[Top][All Lists]
[Date Prev][Date Next][Thread Prev][Thread Next][Date Index][Thread Index]
[aspell-devel] How Aspell Works: Part 1: The Compiled Dictionary Format
From: |
Kevin Atkinson |
Subject: |
[aspell-devel] How Aspell Works: Part 1: The Compiled Dictionary Format |
Date: |
Fri, 30 Sep 2005 13:57:41 -0600 (MDT) |
The details of how Aspell really works is a mystery to most everyone but
me. So I thought it is finally time to fully explain Aspell's core
algorithms and data structures. In doing so I hope people will appreciate the
amount of cleverness I put into it, and perhapses be able to improve it even
more in the future. However, doing so will take some time. Thus I will
be explaining it in small segments. This information will eventually be
included in the Aspell source in one form or another.
In this part I will explain how the data is laid out in the compiled
dictionary for Aspell 0.60. Source file: readonly_ws.cpp
Aspell's main word list is laid out as follows:
* header
* jump table for editdist 1
* jump table for editdist 2
* data block
* hash table
There is nothing particular interesting about the header. Just a bunch of
meta information. I will get back to the jump tables.
Words in the data block are grouped based on the soundslike. Each group
is as follows:
<8 bit: offset to next item><8 bit: soundslike
size><soundslike><null><words>
Each word group is as follows:
<8 bit: flags><8 bit: offset to next word><8 bit: word size><word><null>
[<affix info><null>]
The offset for the final word in each group points to the next word in
the following group.

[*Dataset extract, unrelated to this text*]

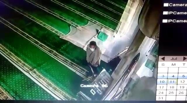 Aksi pencurian itupun terekam oleh kamera pengintai CCTV yang ada didalam Masjid. Dimana pelaku menggunakan masker, kemeja panjang, dan celana jeans.

The offset for the final word and soundslike group
in the dictionary is 0.
I made some previsions for additional info to be stored with the word but
for simplicity I will leave it out. If soundslike data is not used than the
soundslike block it not used.
This format make it easy to iterate over the data without using the hash
table.
Each soundslike group can be a maximum of about 256 bytes. If this limit
is reached than the soundslike group is split. Using 2 bytes for the
soundslike offset would of solved this problem however
1) 256 is normally sufficient, thus I would of wasted some space by
using an extra byte.
2) More importantly, Using 2 bytes means I would of had to worry about
alignment issues.
The soundslike groups are sorted in more or less alphabetic order.
The hash table is a simple open address hash table. The key is the
dictionary word in all lowercase form with any accents removed (what
is known as the "clean" form of the word). The value stored in
the table is an 32 bit offset to the beginning of the word. An integer
offset is used rather than a pointer so that 1) the complied dictionary
can be mmaped in which makes loading the dictionary very fast and so that
the memory can be shared between processed, and 2) on 64 bit platforms
using pointers would of doubled the size of the hash table.
Additional information on the word can be derived from the offset:
word size: offset - 1
offset to next word: offset - 2
flags: offset - 3
I use helper functions for getting this information. Doing it this way
rather than having a data structure is slightly evil, I admit, but I have my
reasons.
In the next part I will explain how Aspell uses the jump tables to quickly
search the list for all soundslike with an edit-distance of 1 or 2.